[Data items]
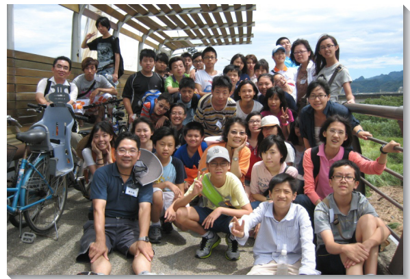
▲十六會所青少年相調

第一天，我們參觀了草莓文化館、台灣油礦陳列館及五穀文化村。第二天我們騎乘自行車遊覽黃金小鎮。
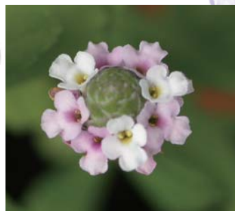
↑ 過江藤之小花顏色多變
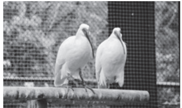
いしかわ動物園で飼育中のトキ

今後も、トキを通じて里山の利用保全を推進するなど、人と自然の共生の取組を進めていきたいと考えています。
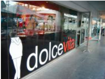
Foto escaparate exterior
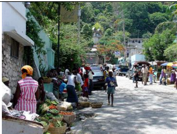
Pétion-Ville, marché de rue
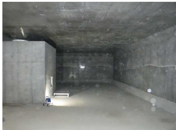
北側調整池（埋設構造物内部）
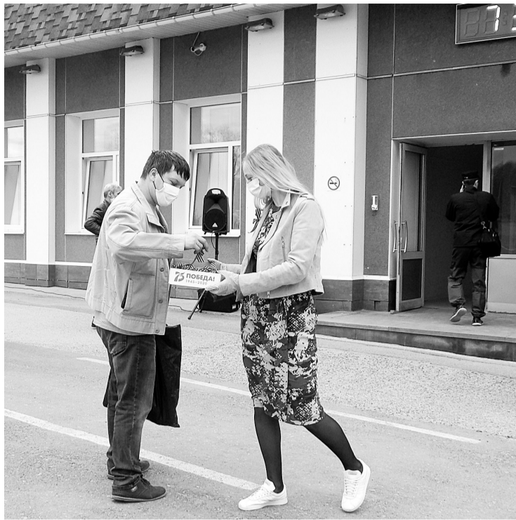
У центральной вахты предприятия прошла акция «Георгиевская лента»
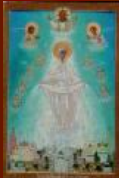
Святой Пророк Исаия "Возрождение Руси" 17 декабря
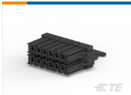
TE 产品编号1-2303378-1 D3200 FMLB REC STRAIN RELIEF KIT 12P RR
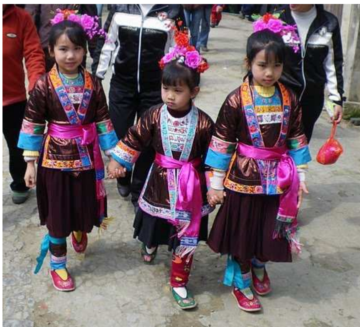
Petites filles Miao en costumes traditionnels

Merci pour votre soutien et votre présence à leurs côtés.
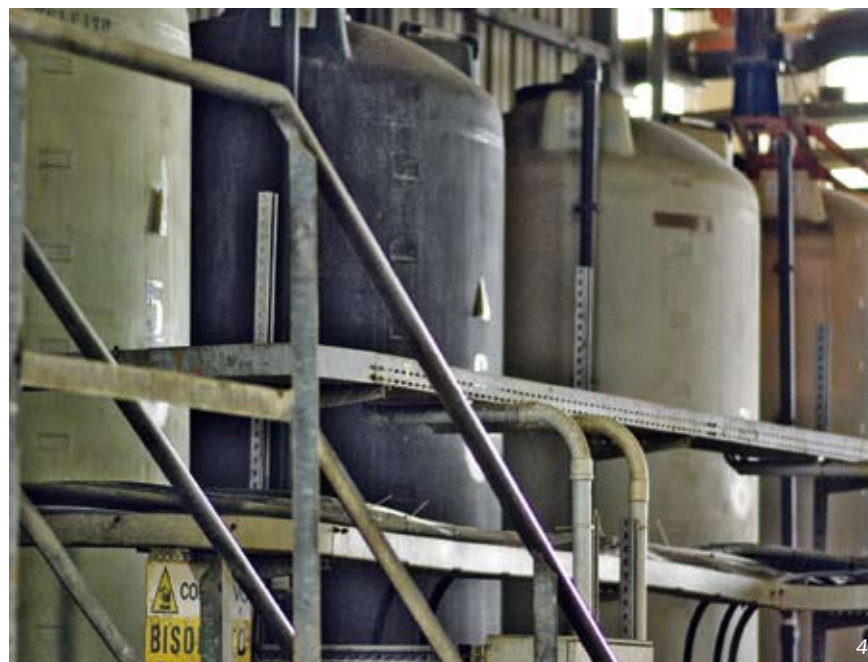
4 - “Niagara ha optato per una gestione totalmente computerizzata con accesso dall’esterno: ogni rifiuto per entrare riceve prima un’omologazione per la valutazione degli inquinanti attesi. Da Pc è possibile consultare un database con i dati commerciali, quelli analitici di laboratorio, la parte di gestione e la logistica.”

WHAT TO PRODUCE — From the first line to the last, repeat the records exactly. Leave out the pictures.

REPLY —
▲十六會所青少年相調

第一天，我們參觀了草莓文化館、台灣油礦陳列館及五穀文化村。第二天我們騎乘自行車遊覽黃金小鎮。
↑ 過江藤之小花顏色多變
いしかわ動物園で飼育中のトキ

今後も、トキを通じて里山の利用保全を推進するなど、人と自然の共生の取組を進めていきたいと考えています。
Foto escaparate exterior
Pétion-Ville, marché de rue
北側調整池（埋設構造物内部）
У центральной вахты предприятия прошла акция «Георгиевская лента»
Святой Пророк Исаия "Возрождение Руси" 17 декабря
TE 产品编号1-2303378-1 D3200 FMLB REC STRAIN RELIEF KIT 12P RR
Petites filles Miao en costumes traditionnels

Merci pour votre soutien et votre présence à leurs côtés.
4 - “Niagara ha optato per una gestione totalmente computerizzata con accesso dall’esterno: ogni rifiuto per entrare riceve prima un’omologazione per la valutazione degli inquinanti attesi. Da Pc è possibile consultare un database con i dati commerciali, quelli analitici di laboratorio, la parte di gestione e la logistica.”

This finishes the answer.